Главная страница Случайная страница

КАТЕГОРИИ:

АвтомобилиАстрономияБиологияГеографияДом и садДругие языкиДругоеИнформатикаИсторияКультураЛитератураЛогикаМатематикаМедицинаМеталлургияМеханикаОбразованиеОхрана трудаПедагогикаПолитикаПравоПсихологияРелигияРиторикаСоциологияСпортСтроительствоТехнологияТуризмФизикаФилософияФинансыХимияЧерчениеЭкологияЭкономикаЭлектроника






Глава cxXVII. На палубе






 

(Гроб установлен на двух кадках между верстаком и открытым люком; плотник конопатит щели; с большого мотка из-за пазухи у него медленно тянется жгут крученой пакли. Из каюты не спеша выходит Ахав, за ним слышны, шаги Пипа.)

— Ступай назад, мальчик, я скоро вернусь. Ушел! Моя собственная рука не подчиняется с такой готовностью моей воле, как этот ребенок. — Храм божий! Что это такое?

— Спасательный буй, сэр. Приказ мистера Старбека. Эй, эй, сэр! осторожнее! Тут люк открыт.

— Спасибо, старик. Удобно лежит у тебя этот гроб, тут же и до склепа рукой подать.

— Как, сэр? Ах, до люка! Верно, верно, сэр.

— Послушай, не ты ли мастер сколачивать ноги? Не из твоей ли мастерской вышел вот этот обрубок?

— Из моей, сэр. Ну, как ободок, держит?

— Держит. Но ты, кроме того, еще и гробовщик?

— Так, сэр. Я сладил этот гроб для Квикега; но теперь меня поставили, чтобы я переделывал его во что-то совсем другое.

— Так признайся сам: ведь ты просто старый мошенник и сущий варвар. До всего тебе дело, всюду суешь нос, за все хватаешься, один день ты мастеришь ноги, назавтра делаешь гробы, чтобы их туда упрятать, а потом еще спасательные буи, из этих же самых гробов? Ты неразборчив, как боги, и так же, как они, на все руки мастер.

— Но я безо всякого умысла, сэр. Делаю что придется.

— Вот, вот, и боги так же. Но послушай, разве ты не напеваешь, когда мастеришь гроб? Говорят, титаны насвистывали потихоньку, когда вырубали кратеры для вулканов, а могильщик в пьесе поет с лопатой в руке. А ты — нет?

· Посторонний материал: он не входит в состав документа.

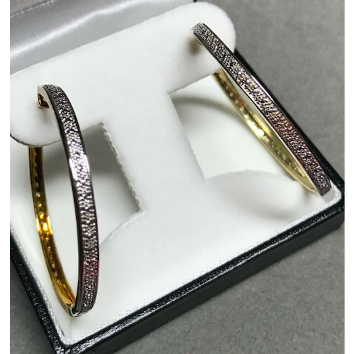 Yellow gold plated hoop style earrings with diamond chips. 1 5/8" D each. - 10406-050518-LA-00081
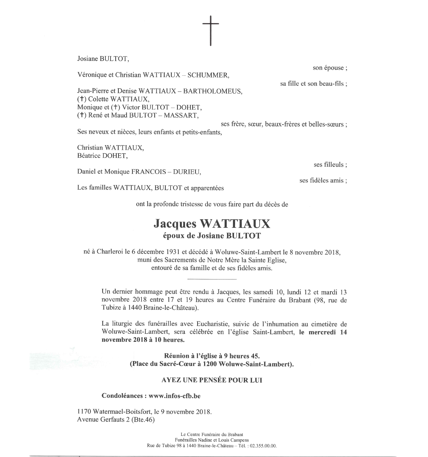 Décédé à Woluwe-Saint-Lambert (1200) le jeudi 8 novembre 2018 à l'âge de 86 ans
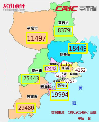 從區域來看,目前庫存量前三的區域分別是原膠南市29480套、膠州市25443套和老黃島19994套,庫存量最少的三個區分別是市南區3996套,嶗山區4152套和老四方7427套。

— Пою ли я, сэр? Да нет, сэр, мне это ни к чему; тот могильщик, он, верно, пел потому, что у него лопата не пела, сэр. А в моем молоточке, вы только послушайте, какая музыка.

— Правда твоя; это потому, что здесь крышка служит хорошим резонатором, а хорошим резонатором доска становится, если под нею ничего нет. Однако, когда в гробу лежит тело, он все равно остается таким же гулким, плотник. Тебе никогда не случалось вносить гроб на кладбище и задеть им по пути за ворота?

— Да ей-богу, сэр, я…

— Ей-богу? А что это значит?

— Ей-богу, сэр, это просто говорится так, такое восклицание, только и всего, сэр.

— Гм, гм, ну, продолжай.

— Я только хотел сказать, сэр, что…

— Ты что, шелковичный червь, что ли? Сучишь нить для своего одеяния из себя же самого? Что у тебя за пазухой? Тяни живей! И чтобы я этой ловушки больше не видел!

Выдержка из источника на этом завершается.